Dodged a very big bullet


That swirling mess off the Washington coast is a very big low that is sucking in winds from all the way across to the Great Lakes.  I was unaware of it when I left Regina yesterday at 7:00 AM but I quickly became acquainted with it as I approached Calgary.

My original intent was to stop for a visit in Airdrie but it was obvious that could turn from a one night visit to being storm stayed for several days.  So I put the hammer down and headed west into the mountains.  I can’t remember ever having a better winter trip through the Rockies.


The snowsheds in Roger’s Pass are almost always wet.  I can’t remember ever going through them – summer or winter – when the road wasn’t wet, but yesterday it was dry.  The only snowy pavement I saw on the whole trip was in the Coquihalla.  There were wet stretches from rain – its BC after all but very little snow.  I understand all that changed in the Calgary and Calgary-east areas today.  But it didn’t matter to me because I got as far as Revelstoke last night and I had supper on the boat tonight.

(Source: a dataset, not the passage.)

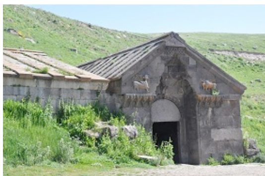
Caravanserraglio di Selim Pascià

Eccoci a Selim Pascià ; sostiamo davanti al Caravanserraglio e veniamo invitati da un gruppo di uomini e donne provenienti da Yerevan a fare colazione e brindare con loro. Entriamo nel loro gruppo, ben presto si crea una bellissima intesa. Partecipiamo divertiti alla loro allegria; è un incontro piacevole, scambiamo gli indirizzi e ci congediamo a malincuore. Inizia la discesa verso Noravank, tra paesaggi mozzafiato , sino ad imboccare una gola scavata tra rocce rosse, splendenti al sole. La strada è deserta il paesaggio affascinante, aspro e ridente allo stesso tempo, un'emozione indimenticabile.

I assume I’ve seen the last of the sunshine until I go back to the prairies.  I’ve been explaining to some of the locals how there is this big blue dome over the earth that stretches from horizon to horizon but most of them don’t believe me because the sky is grey as far as they are concerned.  You can’t really blame them – it must be very hard for them to imagine anything different although I did encounter one fellow tonight who said he had heard about the blue sky, he just had never actually seen it himself.

Saturday, October 20, 2012

Countdown to Gray Hawk

Yesterday I made a flying trip to Saskatoon – flying in the sense that I was flying low in the Lincoln.  While I was up there I stopped at my favorite quick lube place and let them talk me into flushing the diff and refilling it with synthetic.  I’ve been meaning to get that done and it probably doesn’t hurt to do it before I head for Vancouver Island.  Today I’ll help Marilyn with her tile project; tomorrow we’ll move the bus to Buchanan and winterize it; Monday should see me and the idiot cat headed west.

If all goes well my next post will be from the boat.  I think our slip neighbour misses me – I got a text from him yesterday that said “Bite me, prairie dog!”  The fool is a BC Lions fan so my earlier comments regarding the Riders may have motivated his fond reply.  The Rider’s performance (of lack thereof) prompted a taunt from him this afternoon.

While I was in Nebraska Marilyn started laying ceramic tile in the hallway and bedroom.  She ripped the carpet out back there last winter while we were in Texas but she hadn’t got around to replacing it until now.  Its early going but its going to look really good.  We struggled to decide what we wanted to do for floor covering.  The only thing we were certain about was that we did not want carpet.  I don’t know what fool came up with the idea that carpet in an RV was a good idea.  Clearly he never actually used the RV. 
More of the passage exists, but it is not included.